-- TASK INPUT follows --

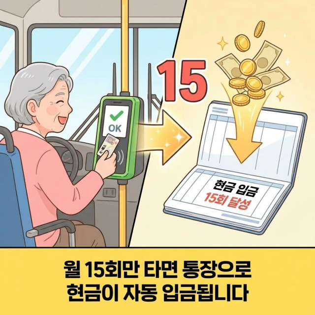 한 달에 15번 이상만 타면 통장으로 현금이 자동 입금되는 구조
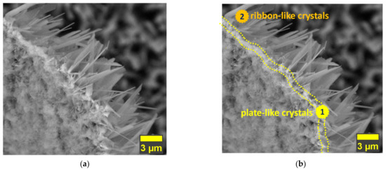 In terms of the growth mechanism of the HAp-based coatings obtained by electrochemical deposition, Figure 3 shows that the coatings consist of two layers of different morphologies. The first layer, which was formed within the first period of the deposition, is more compact and is not very thick, being constituted from plate-like crystals, while the second one is made of ribbon-like crystals, highly elongated along the c-axis.
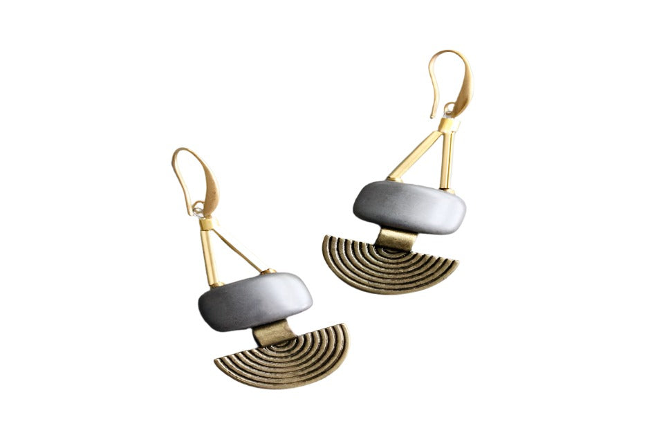 18k gold plated brass hooks with hematite and brass. Each half pair weighs .29 oz and measures 2.625 inches.
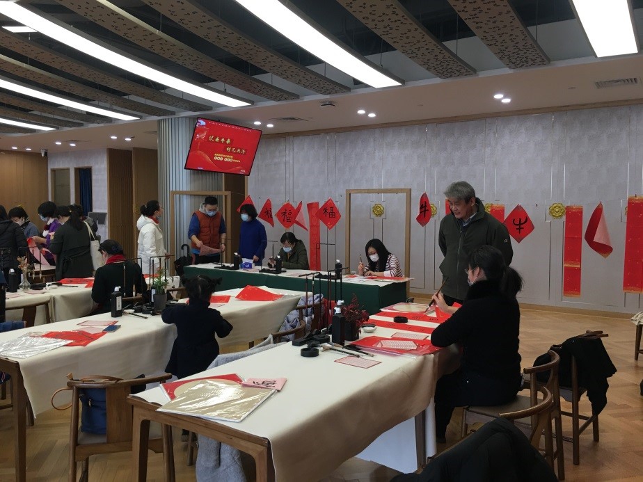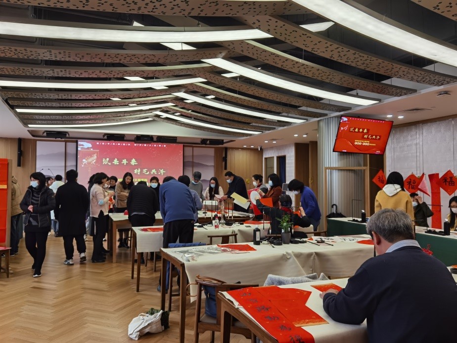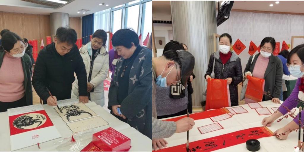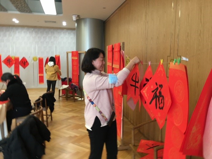最后,教师们纷纷提笔书画,写春联,作年画,写福绘牛,一幅幅喜庆吉祥、散发着墨香的春联挂在了文榷堂四周,增添了浓浓的年味。妙笔生花送祥瑞,笔墨流香迎新春。教师们感受着书画艺术的魅力,体会着春联和年历带来的年味,在喜庆祥和中展望新的一年。
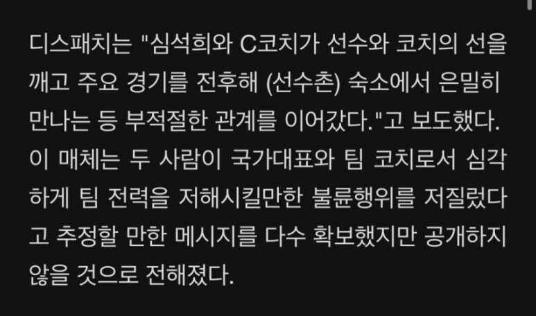 1997년생 한국의 쇼트트랙 국가대표 심석희가 유부남 국가대표 코치와 불륜 관계에 있으며, 다른 국가대표 선수들을 조롱하고, 심지어 승부조작까지 의심스러운 시도를 했다는 충격적인 보도가 디스패치를 통해서 나왔습니다.
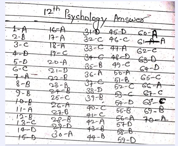 बिहार बोर्ड कक्षा 12वीं मनोविज्ञान सेंटअप परीक्षा 2025 के ओरिजिनल Question Paper के 100% Correct Answer Key नीचे देख सकते हैं –
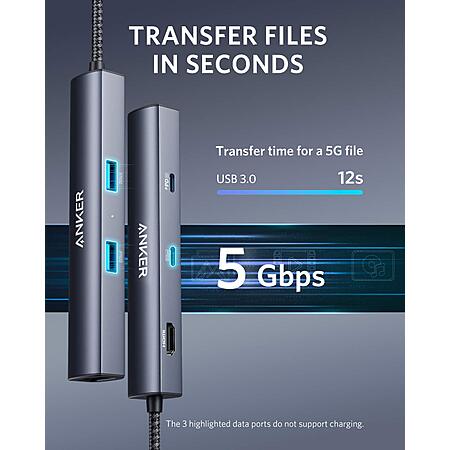 USB-C and USB-A data ports provide file transfer at speeds up to 5 Gbps, while an HDMI port supports media display at resolutions up to 4K@30Hz.
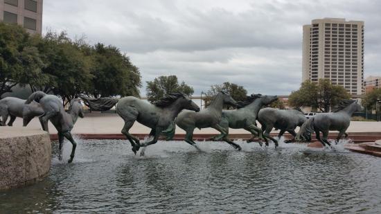 Your first stop has to be the Mustangs of Las Colinas. This isn’t just a sculpture; it’s a Texas icon. Picture nine larger-than-life bronze mustangs running through a granite stream.

-- TASK INPUT concluded --

# TASK REQUIREMENTS
All of the records should be set down exactly, minus the pictures they hold.

# SOLUTION BELOW
 한 달에 15번 이상만 타면 통장으로 현금이 자동 입금되는 구조
 In terms of the growth mechanism of the HAp-based coatings obtained by electrochemical deposition, Figure 3 shows that the coatings consist of two layers of different morphologies. The first layer, which was formed within the first period of the deposition, is more compact and is not very thick, being constituted from plate-like crystals, while the second one is made of ribbon-like crystals, highly elongated along the c-axis.
 18k gold plated brass hooks with hematite and brass. Each half pair weighs .29 oz and measures 2.625 inches.
最后,教师们纷纷提笔书画,写春联,作年画,写福绘牛,一幅幅喜庆吉祥、散发着墨香的春联挂在了文榷堂四周,增添了浓浓的年味。妙笔生花送祥瑞,笔墨流香迎新春。教师们感受着书画艺术的魅力,体会着春联和年历带来的年味,在喜庆祥和中展望新的一年。
 1997년생 한국의 쇼트트랙 국가대표 심석희가 유부남 국가대표 코치와 불륜 관계에 있으며, 다른 국가대표 선수들을 조롱하고, 심지어 승부조작까지 의심스러운 시도를 했다는 충격적인 보도가 디스패치를 통해서 나왔습니다.
 बिहार बोर्ड कक्षा 12वीं मनोविज्ञान सेंटअप परीक्षा 2025 के ओरिजिनल Question Paper के 100% Correct Answer Key नीचे देख सकते हैं –
 USB-C and USB-A data ports provide file transfer at speeds up to 5 Gbps, while an HDMI port supports media display at resolutions up to 4K@30Hz.
 Your first stop has to be the Mustangs of Las Colinas. This isn’t just a sculpture; it’s a Texas icon. Picture nine larger-than-life bronze mustangs running through a granite stream.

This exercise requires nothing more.